*WHAT YOU ARE ASKED TO DO:*
Reproduce only this range: the line holding "A small-world network is a" through the last line of the data below, both included, exactly, with no pictures.

*PROVIDED MATERIAL:*
########

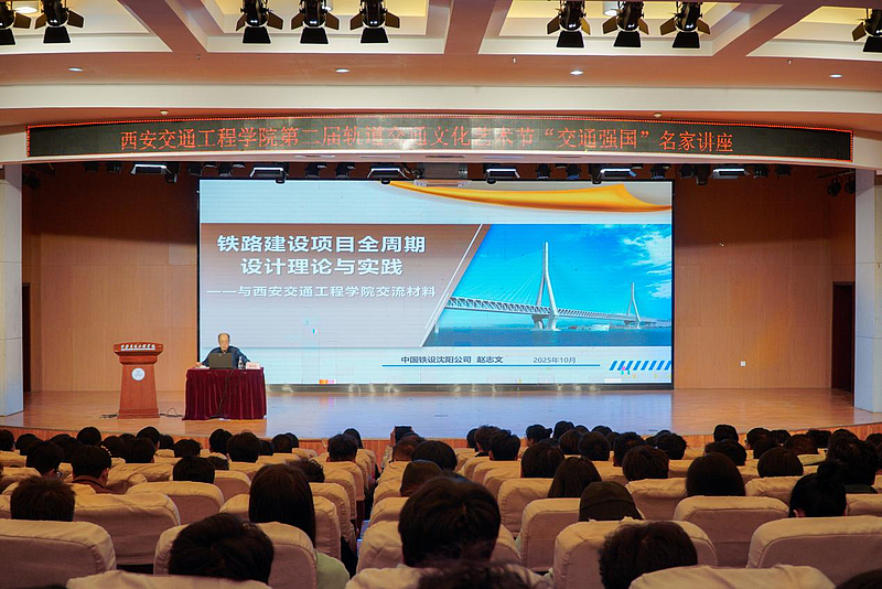 本次讲座特邀中国铁设沈阳铁道勘察设计院有限公司副总工程师、正高级工程师赵志文先生,为现场师生带来了题为《铁路建设项目全周期设计理论与实践》的精彩报告。作为轨道交通领域的资深专家,赵志文高工长期深耕于铁路、公路、市政及地铁项目设计一线,主持过多项重大科研课题,兼具丰富的现场设计代表与总监理工程师经验。他不仅拥有包括4项国家发明专利在内的多项自主知识产权,更荣获8项省部级以上优秀设计奖及2项省部级科技进步奖,其卓越的专业成就为行业所公认。
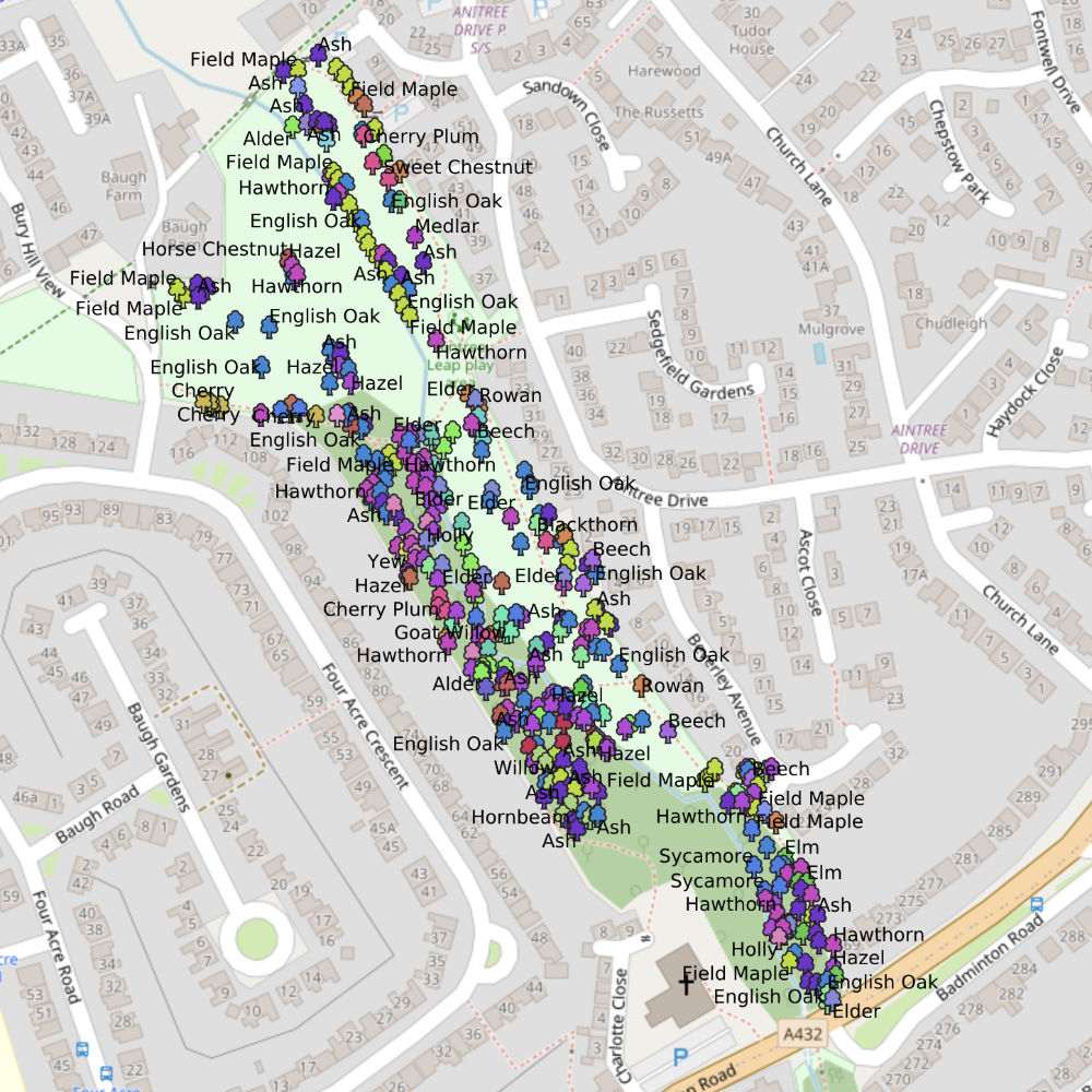As part of the survey, key tree data such as location, species, condition height and girth were recorded and then entered onto a spatial database application. On completion of the survey, the resulting data was converted into a format that could be made available to the public via the Friends of Leap Valley website.
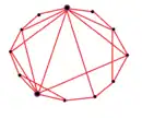 A small-world network is a mathematical graph in which most nodes are not neighbors of one another, but the neighbors of any given node are likely to be neighbors of each other. Due to this, most neighboring nodes can be reached from every other node by a small number of hops or steps.[1] Specifically, a small-world network is defined to be a network where the typical distance L between two randomly chosen nodes (the number of steps required) grows proportionally to the logarithm of the number of nodes N in the network, that is:[2]
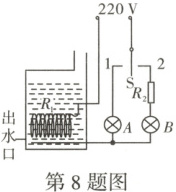 8. 如图所示是饮水机的工作原理电路图,其中 S 是一个温控开关,R₁ 为电加热管,A、B 是同型号不同颜色的指示灯。先让开关 S 与 1 接触,再让开关 S 与 2 接触,此时 R₁ 的电功率变

########

*OUTPUT FOR THIS EXERCISE:*
 A small-world network is a mathematical graph in which most nodes are not neighbors of one another, but the neighbors of any given node are likely to be neighbors of each other. Due to this, most neighboring nodes can be reached from every other node by a small number of hops or steps.[1] Specifically, a small-world network is defined to be a network where the typical distance L between two randomly chosen nodes (the number of steps required) grows proportionally to the logarithm of the number of nodes N in the network, that is:[2]
 8. 如图所示是饮水机的工作原理电路图,其中 S 是一个温控开关,R₁ 为电加热管,A、B 是同型号不同颜色的指示灯。先让开关 S 与 1 接触,再让开关 S 与 2 接触,此时 R₁ 的电功率变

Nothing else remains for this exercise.